_Exercise aim_
Would you transcribe the records below from the line with "Dusty blue floral" to the line with "Design: The clock", ends included, exactly and with nothing more, leaving the pictures out?

_Input data_
○ ○ ○ ○ ○
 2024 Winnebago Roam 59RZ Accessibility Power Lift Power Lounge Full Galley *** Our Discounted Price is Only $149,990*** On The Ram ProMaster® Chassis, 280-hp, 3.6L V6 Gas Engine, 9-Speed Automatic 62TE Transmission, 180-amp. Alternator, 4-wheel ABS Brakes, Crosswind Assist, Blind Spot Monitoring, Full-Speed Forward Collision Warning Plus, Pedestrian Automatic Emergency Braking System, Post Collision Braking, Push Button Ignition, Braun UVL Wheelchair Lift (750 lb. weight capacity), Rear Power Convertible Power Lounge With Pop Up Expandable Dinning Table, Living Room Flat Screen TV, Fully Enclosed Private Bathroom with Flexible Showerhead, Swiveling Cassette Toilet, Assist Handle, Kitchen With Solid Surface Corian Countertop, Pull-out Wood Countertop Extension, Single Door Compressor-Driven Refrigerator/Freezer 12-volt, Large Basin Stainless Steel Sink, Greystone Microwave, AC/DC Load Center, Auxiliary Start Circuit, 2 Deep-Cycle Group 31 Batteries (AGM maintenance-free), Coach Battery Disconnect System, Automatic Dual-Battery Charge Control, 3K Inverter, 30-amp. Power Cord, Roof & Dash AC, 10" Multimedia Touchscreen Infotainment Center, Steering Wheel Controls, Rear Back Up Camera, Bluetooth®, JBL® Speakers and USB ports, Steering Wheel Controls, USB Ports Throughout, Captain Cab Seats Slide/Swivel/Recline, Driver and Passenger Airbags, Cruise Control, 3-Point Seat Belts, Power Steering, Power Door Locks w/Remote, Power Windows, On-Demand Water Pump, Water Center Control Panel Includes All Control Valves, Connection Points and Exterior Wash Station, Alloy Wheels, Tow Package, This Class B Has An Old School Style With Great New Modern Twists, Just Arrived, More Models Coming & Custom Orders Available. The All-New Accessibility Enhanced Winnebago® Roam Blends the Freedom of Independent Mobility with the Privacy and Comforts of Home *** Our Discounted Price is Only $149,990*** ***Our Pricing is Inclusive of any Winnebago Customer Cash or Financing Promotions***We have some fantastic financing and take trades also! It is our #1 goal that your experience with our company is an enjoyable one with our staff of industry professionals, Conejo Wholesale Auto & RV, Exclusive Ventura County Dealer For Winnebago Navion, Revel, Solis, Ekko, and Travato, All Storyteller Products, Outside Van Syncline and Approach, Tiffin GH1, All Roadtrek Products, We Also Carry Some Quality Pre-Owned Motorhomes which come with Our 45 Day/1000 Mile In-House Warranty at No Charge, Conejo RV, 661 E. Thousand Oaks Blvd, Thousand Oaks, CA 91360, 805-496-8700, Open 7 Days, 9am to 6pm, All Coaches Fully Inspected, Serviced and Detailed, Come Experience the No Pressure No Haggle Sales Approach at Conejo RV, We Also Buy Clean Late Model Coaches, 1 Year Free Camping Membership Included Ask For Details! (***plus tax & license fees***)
○ ○ ○ ○ ○
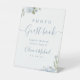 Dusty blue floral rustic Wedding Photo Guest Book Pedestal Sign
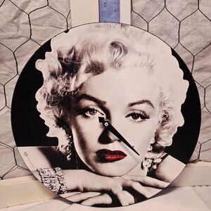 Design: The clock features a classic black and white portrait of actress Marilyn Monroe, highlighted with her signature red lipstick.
○ ○ ○ ○ ○
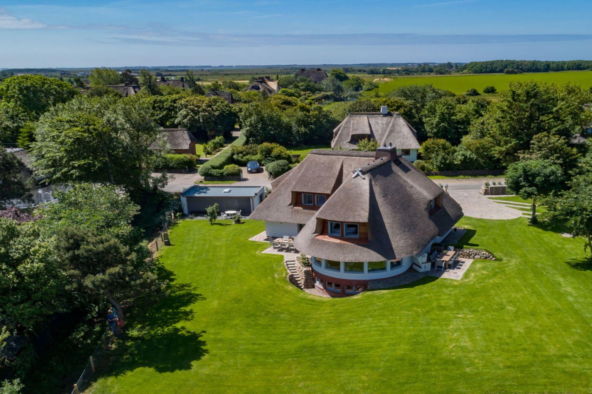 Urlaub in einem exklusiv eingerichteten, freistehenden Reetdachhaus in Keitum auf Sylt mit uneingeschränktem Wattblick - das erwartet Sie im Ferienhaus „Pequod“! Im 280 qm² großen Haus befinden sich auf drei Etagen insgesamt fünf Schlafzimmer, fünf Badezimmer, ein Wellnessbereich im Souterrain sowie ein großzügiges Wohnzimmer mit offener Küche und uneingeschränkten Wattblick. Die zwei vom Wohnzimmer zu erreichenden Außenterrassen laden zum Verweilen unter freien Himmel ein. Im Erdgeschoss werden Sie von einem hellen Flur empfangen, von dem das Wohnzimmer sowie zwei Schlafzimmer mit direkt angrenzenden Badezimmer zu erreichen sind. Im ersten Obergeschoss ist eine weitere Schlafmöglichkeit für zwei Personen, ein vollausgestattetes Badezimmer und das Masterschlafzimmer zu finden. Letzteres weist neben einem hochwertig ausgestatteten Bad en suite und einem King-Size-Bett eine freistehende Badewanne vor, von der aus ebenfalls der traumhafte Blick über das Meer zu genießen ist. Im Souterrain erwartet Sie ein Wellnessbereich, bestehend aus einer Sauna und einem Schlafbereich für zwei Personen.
○ ○ ○ ○ ○
_Task output_
 Dusty blue floral rustic Wedding Photo Guest Book Pedestal Sign
 Design: The clock features a classic black and white portrait of actress Marilyn Monroe, highlighted with her signature red lipstick.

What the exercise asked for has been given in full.